Der zweite Band schwächelt etwas, insgesamt ist die Trilogie um Jolly und Munk, Die Wellenläufer, Die Muschelmagier, Die Wasserweber, aber sehr lesenswert.

Software für Schreiberlinge

Ich habe ja schon eine ganze Menge Software für Autoren empfohlen. Just heute habe ich ein neues Programm, und finde es rasend gut. Erstmal ist es besser als vieles, was ich bisher gesehen habe, und zudem ist es auch kostenlos. Es heißt yWriter und lässt sich HIER downloaden.
Warum diese Software toll ist? Nun, sie bietet einfache Bedienung; und ich meine wirklich einfach, denn auch wenn einen zuerst die ganze Vielfalt erschlägt, so hat sie einige sehr überzeugende Funktionen, mit denen man sich seine ganzen Skizzen ordnen kann. So ist zum Beispiel eine Funktion integriert, die eine Geschichte im Storyline-Modus anzeigt, und dadurch kann man selbst komplexe, vielperspektivische Geschichten in den Griff kriegen. Dann kann man nach Belieben Szenen entwerfen, und mit einfachem Drag&Drop hin und her schieben. So kann man sich eine Unmenge an Szenen entwerfen, und diese je nach ihrer Brauchbarkeit markieren, in einen Ordner verschieben, wo sie auf weitere Verwendung warten, oder dass man sie schließlich ganz verwirft.
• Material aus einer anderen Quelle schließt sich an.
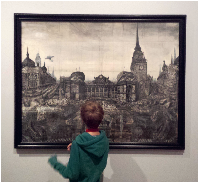
Fig. 15 View of gallery with young visitor in front of Willem van Genk's Moscow . Department of twentieth-century art, Rijksmuseum Amsterdam, August 2017.

And this is why the much more modest honour bestowed on Van Genk by the Rijksmuseum in 2016, when it included Moscow for a year in its presentation of twentieth-century Dutch art, is so much more significant (fig. 15). Despite being described on the museum label as a schizophrenic patient (which seems doubtful as well as irrelevant), his work hung here like that of any other artist, as he had most likely always wanted. 80 The somewhat bitter irony is that the art brut and outsider art circuit, which did so much to get Van Genk recognized, is unable to take this last, ultimate step, based as it is on the distinction and separation of outsiders from insiders. Exclusiveness, by definition, precludes inclusiveness. 81

Insgesamt: wie es schwierig ist, ein Buch zu schreiben, zumal ein komplexes Buch, so ist es zunächst nicht einfach, dieses Programm zu bedienen und abzuschätzen, was man mit ihm anfangen kann. Aber sehr rasch lässt sich feststellen, dass hier nicht nur ein guter Programmierer am Werk ist, sondern auch ein Mensch, der Ahnung vom Bücherschreiben hat.